The intervention will serve as a baseline where participants will be asked to perform the tasks without wearing a hip exoskeleton.
The intervention is an experimental robotic hip exoskeleton in an unpowered state that has been previously developed by the team. It is used to improve walking gait performance.
Exoskeleton and Prosthetic Intelligent Controls Lab
Atlanta, Georgia, United States
Temporal Convolutional Network (TCN) model performance (Joint moment accuracy)

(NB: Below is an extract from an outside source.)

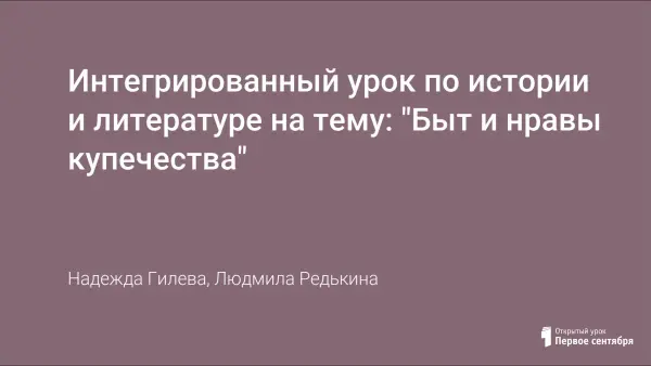 Интегрированный урок истории и литературы был проведен в 10-м классе в связи с изучением в курсе истории учебного материала, связанного с преобразованиями в России во второй половине XIX века, в форме семинара, что позволило ученикам проявить творчество, самостоятельность. На уроке использовались пьесы А.Н.Островского «Бесприданница» и «Гроза», отражающие стремительные перемены в новой, пореформенной России; а также материалы постсоветского периода для сопоставления жизни купечества конца XIX в. и предпринимателей конца ХХ в.
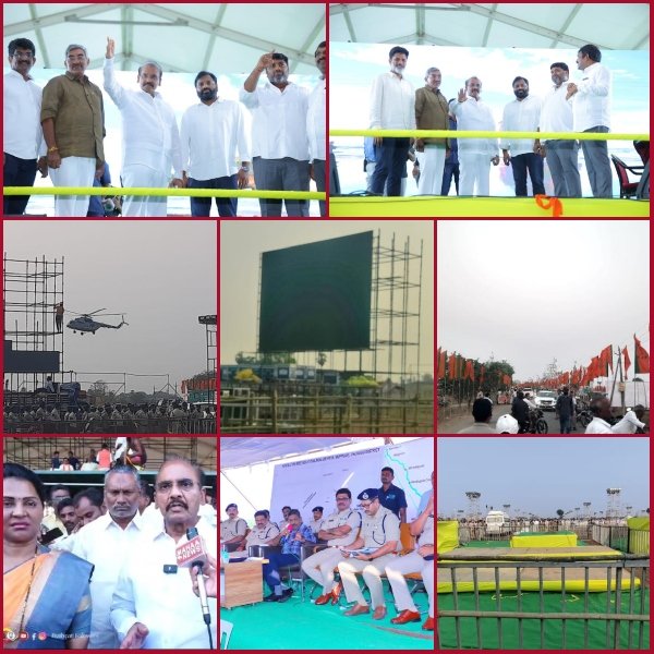 ప్రజాగళం సభతో పాటు చిలకలూరిపేట ఆతిథ్యం అందరికీ ప్రత్యేకంగా గుర్తుండిపోవడం ఖాయమన్నారు. ఆదివారం బొప్పూడి వద్ద జరగనున్న తెలుగుదేశం-జనసేన-బీజేపీ బహిరంగ సభ ఏర్పాట్లను తెలుగుదేశం నేతలు ఆలపాటి రాజా, బీద రవిచంద్ర, దామచర్ల సత్య, కిలారు రాజేష్, తదితరులతో కలిసి ప్రత్తిపాటి పరిశీలించారు. సభా వేదిక, ప్రాంగణంలోని ఏర్పాట్లు, హెలిప్యాడ్లను బృందంతో కలిసి పరిశీలించారు. భద్రతా ఏర్పాట్లపై ఎస్పీజీ ఉన్నతాధికారులతో చర్చించారు. శనివారం రాత్రి బహిరంగ సభ వేదిక వద్ద ఏర్పాట్లను పర్యవేక్షిస్తున్న వారిలో మాజీ మంత్రి పత్తిపాటి పుల్లారావు, ఆలపాటి రాజా, కిలారు రాజేష్, మాజీ ఎమ్మెల్సీ రాజు, బీద రవిచంద్ర, దామచర్ల సత్య, ఉండి ఎమ్మెల్యే రామరాజు తదితరులున్నారు.

This outcome represents the error with which the deep learning model embedded into our hip exoskeleton's microprocessor predicts hip joint moments in stroke patients. Specifically, the coefficient of determination (R²) is computed between the predicted hip joint moments and the ground truth measurements. Ground truth measurements are obtained from a laboratory-grade force plate system and inverse dynamics calculations. Hip joint moment predictions are made at a frequency of 200 Hz and compared to the laboratory-measured values. For these measures, higher R² values (closer to 1.0) indicate better correlation between predicted and actual hip joint moments. This metric provides a comprehensive assessment of the exoskeleton's ability to accurately estimate hip joint moments in stroke patients during tasks, with improved outcomes representing better assistive capabilities for the user.
Time frame: 1 year
Metabolic cost for level ground walking
Metabolic energy expenditure will be quantified using an indirect calorimetry system (Parvo Medics, UT) that measures oxygen consumption (VO₂) and carbon dioxide production (VCO₂) during experimental tasks. Measurements will be collected from each participant during a 5-minute baseline standing period followed by level ground walking trials under three conditions: without the exoskeleton, with the exoskeleton in a powered state, and with the exoskeleton in an unpowered state. Metabolic cost will be calculated from respiratory gas exchange data using standard equations for energy expenditure.
Time frame: 1 year
Biological joint work
Mechanical work performed by the lower limb joints will be quantified through biomechanical analysis of motion capture data. Joint moments and angular velocities will be derived through inverse dynamics and kinematics, respectively. Joint power, calculated as the product of joint moment and angular velocity, will be integrated with respect to time using trapezoidal integration to determine mechanical work. Positive and negative work will be calculated by separately integrating positive and negative joint powers, providing comprehensive quantification of joint energy generation and absorption at each joint during the movement tasks.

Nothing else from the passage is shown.